Само собой разумеется, что от чтения всей этой «юриспруденции» особого удовольствия не испытываешь. Даже несмотря на то, что приведенные выше протоколы изобилуют всякого рода пикантными и аморальными историйками.
Вообще, создается впечатление, что ради срывания «покрова таинственности» над истинной жизнью геологов, ради того, чтобы показать, что они и в суровых полевых условиях находили время для полноценной половой жизни (а не так, как это некогда изображалось в пресно-подвижнических геологических повестях), Г. Машкин и написал свой новый роман о людях этой романтической, но вполне земной профессии.
«Важен в поэме стиль, отвечающий теме», — говорил Некрасов, и Г. Машкин, как и в «Дальней Тайге» демонстрирует свое оригинальное видение и изображение сексуальных сценок.
«— Да сколько же ты намерена испытывать меня? — взревел я, подхватил ее под руки и бросил в кровать. — Мужик я или чинуша?!
Светлана притворно заверещала, но я залепил ее рот поцелуем, руками ж проворно сбросил газовые тряпицы.
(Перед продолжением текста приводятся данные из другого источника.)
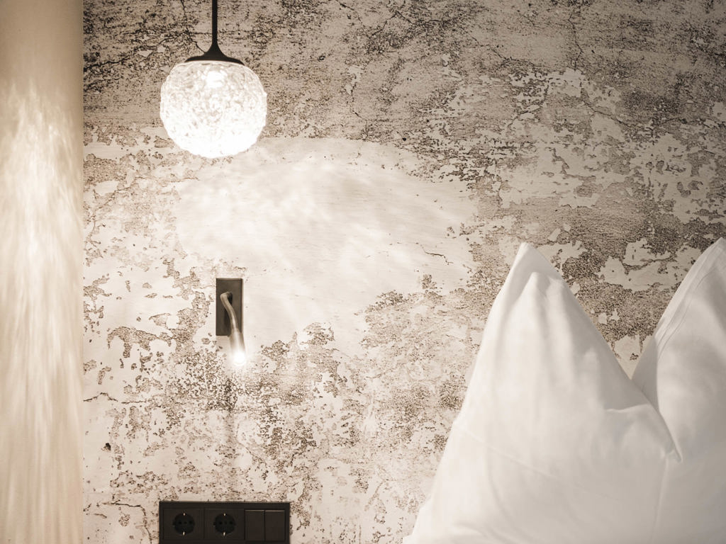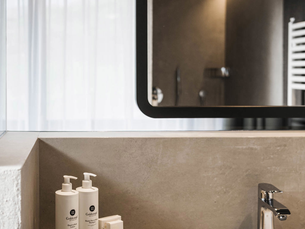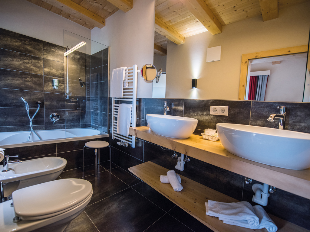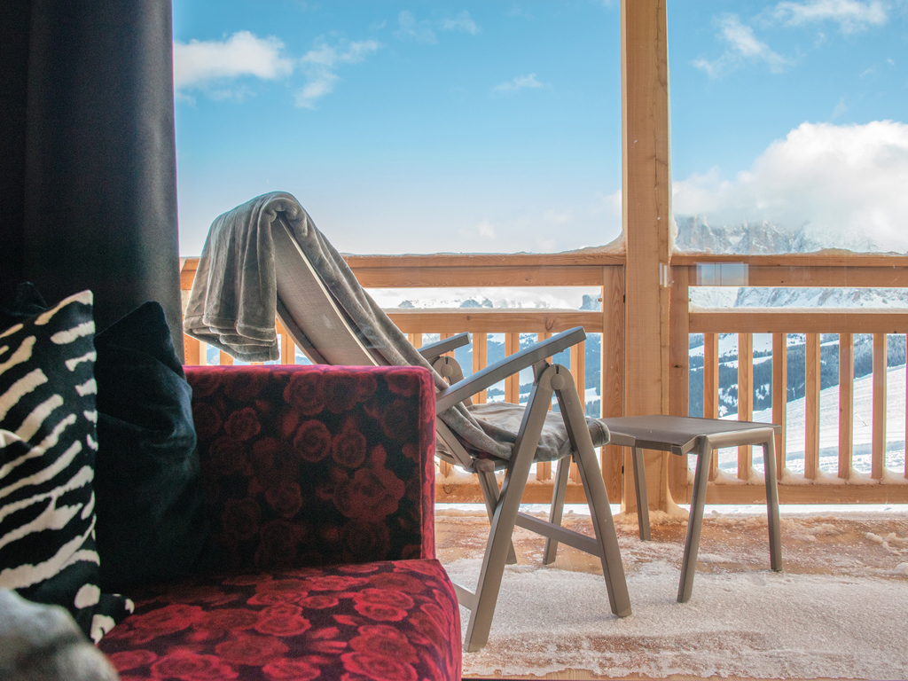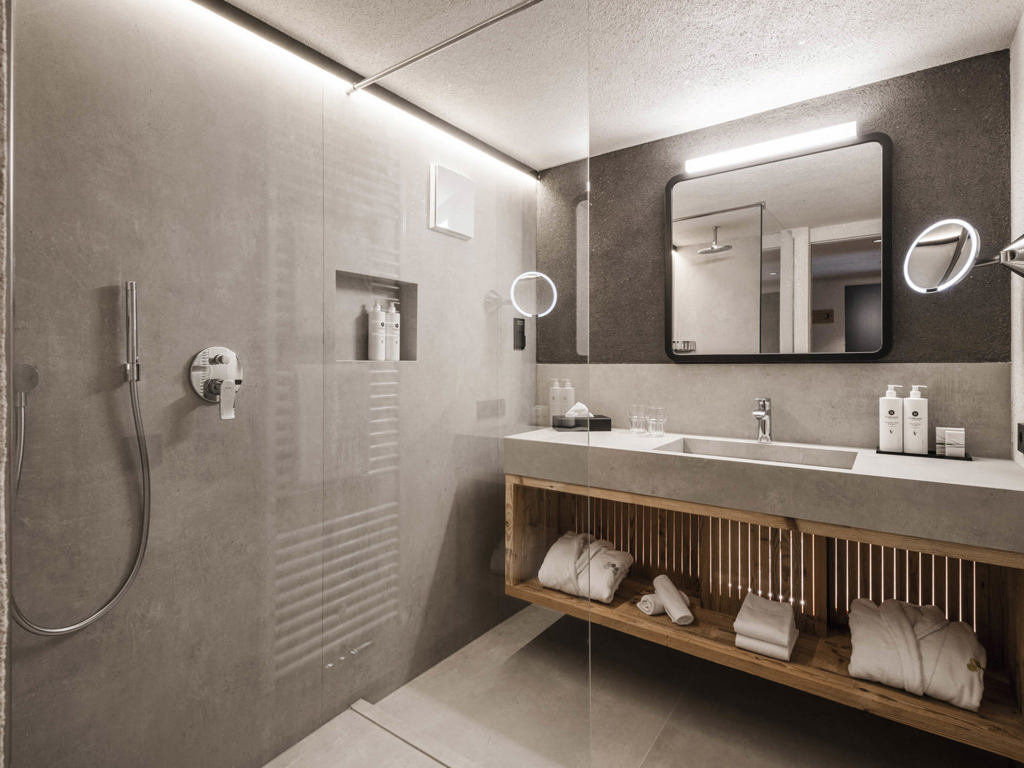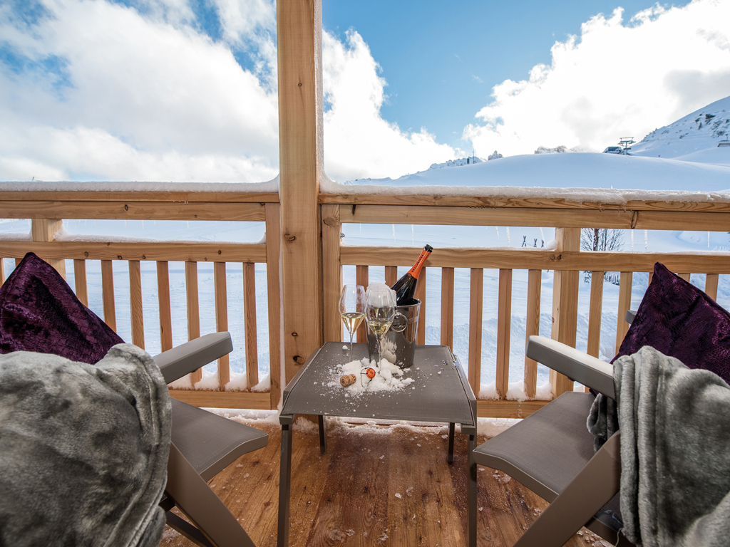 Alpines Wohnen im 27 m² Design-Doppelzimmer aus Altholz. Zwei getrennte Panoramabalkone zur Ost- und Nordseite laden zum Draußen sein ein.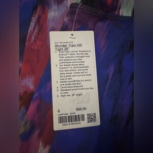 NWT Lululemon Wunder Train HR Tight 28". Diamond Dye! Size 6. High rise, 28" length. New square dot.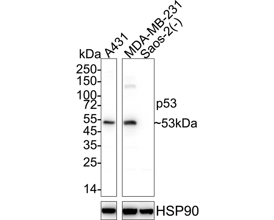 Western blot analysis of p53 on different lysates with Mouse anti-p53 antibody (HA610187) at 1/1,000 dilution.
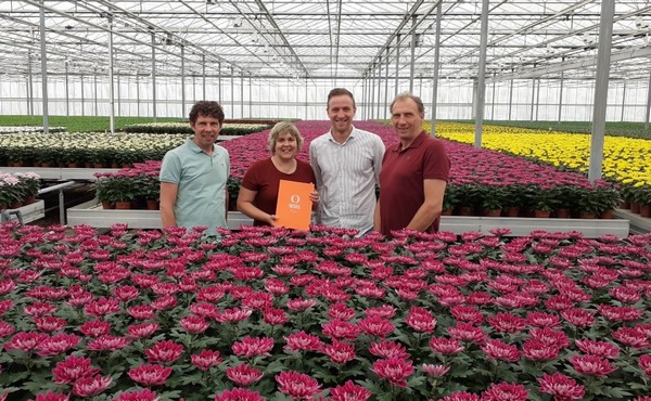 Van links naar rechts: Marcel van der Voort (eigenaar, Van Schie), Noëlia Mansilla (President EMEA, Dümmen Orange), Mike van Os (Global Product Manager Pot Plants, Dümmen Orange), Hans van Leeuwen (eigenaar, Lionplant)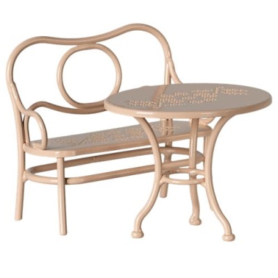 Maileg - Zestaw kawowy - różowy stół i ławka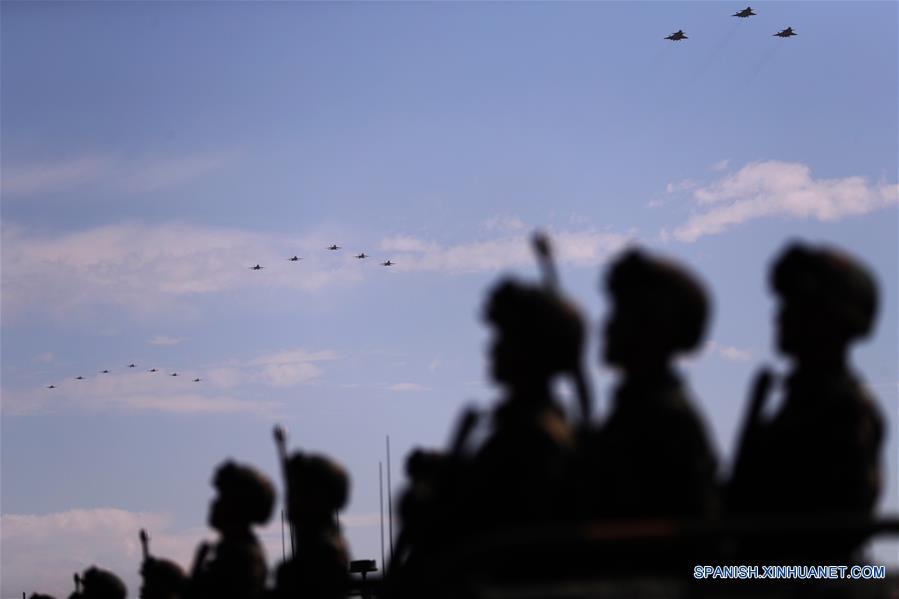 MONGOLIA INTERIOR, julio 30, 2017 (Xinhua) -- Aeronaves de combate vuelan durante un desfile militar en la base de entrenamiento de Zhurihe, en la Región Autónoma de Mongolia Interior, en el norte de China, el 30 de julio de 2017. China comenzó el domingo un gran desfile militar para conmemorar el 90 aniversario de la fundación del Ejército Popular de Liberación (EPL). (Xinhua/Fei Maohua)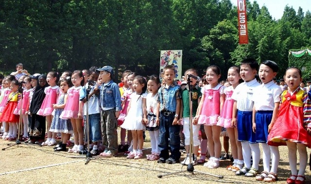 친선련환모임에서 노래를 부르는 조선과 외국어린이들(조선중앙통신)
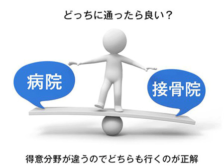 それぞれ得意分野が違いますので、あなたの痛みの状態を把握するためにも、接骨院だけではなく、病院での定期的な検査をお勧めします。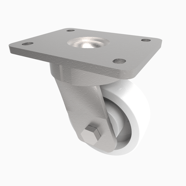 Fabricated swivel castor with a top plate fixing fitted with a white nylon wheel with ball journal bearings. Wheel diameter100mm, tread width 40mm, overall height 140mm, top plate 138mm x 110mm, hole centres 105mm x 80/75mm. Load capacity 650kg.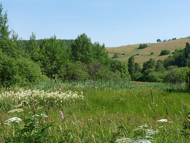 Die Bergwiesen kommen großflächig in unterschiedlichen Ausprägungen vor, sind aber artenärmer als am Geisingberg.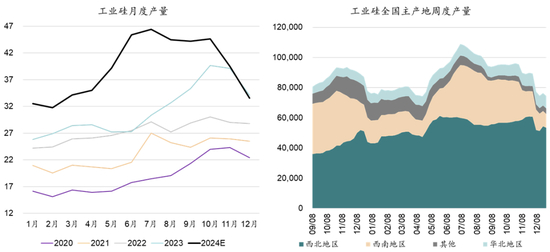 根据季节性产量以及主产地周度产量分解,今年华北、西北地区产量维持高增长,而丰水期西南供给对年中行业总产量的大幅增长贡献最大。上半年枯水期西南的低开工以及年底西北的环保限产,对产量的压制相对明显。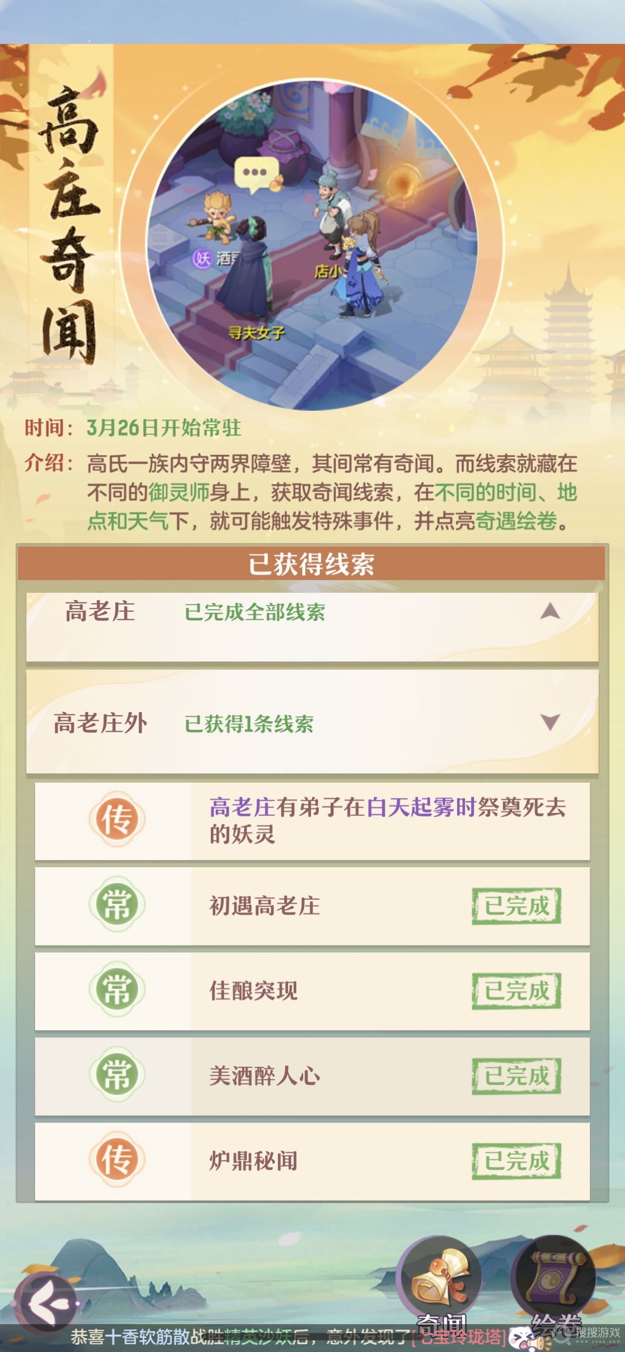 1、【高老庄有弟子在白天起雾时祭奠死去的妖灵】这个奇遇是限时的,你必须在现实时间的白天(大概是早8到晚6,正好是上班时间所以我碰不到)去高老庄才能遇见

Мне нужно было во что бы то ни стало доказать ей, что я не ледяной сталактит, дышу, как вулкан, извергаю лаву... И она эту лаву подхватывала на свои скаты, направляла в ложбинки, распадочки, ямки. Мы с ней неслись в какую-то впадину, к вечному океану, сливаясь, нежась, остывая, превращаясь в единую струю...»
На высокой «сексноте» роман и заканчивается. Борис вместе со своим институтским товарищем едут на дачу к верному холую Кукина Павлу Воронцу. Друзья наверняка знают, что под видом сауны там будет учинена самая настоящая оргия с «привлечением женского персонала» и с участием высоких номенклатурных особ.
Вот она, казалось бы, стопроцентная возможность накрыть с поличным
всех этих развратников-ретроградов! Но далее происходит нечто совершенно непредсказуемое. В числе лиц «женского персонала» оказалась и любимая жена Бориса Ника, которая в момент, когда друзья проникли в предбанник, позволяла Кукину срывать с нее бюстгалтер, а тот повелевал:
«— В таком случае, на стол, моя свирель! Покажи нам свои прелести! Пусть видят гости, что за сибирячки наши! Какой пробы наши девы! Спляши нам на столе канкан, чудесница! Просим!..»
Такого позора Борис выдержать не смог и прямо в предбаннике застрелился.
Такие вот жуткие драмы вписаны, оказывается, в героическую летопись освоения сибирской нефти.
Романы «Дальняя Тайга» и «Выстрел из кембрия» в сюжетном отношении, мягко говоря, не блещут, а если быть откровенным, являют собой довольно-таки скучное, малоинтересное чтиво. И вот, как бы желая компенсировать этот недостаток, Г. Машкин последнее произведение своего сибирского триптиха — повесть «Свирепая глухомань» до предела насыщает всевозможными интригами и коллизиями.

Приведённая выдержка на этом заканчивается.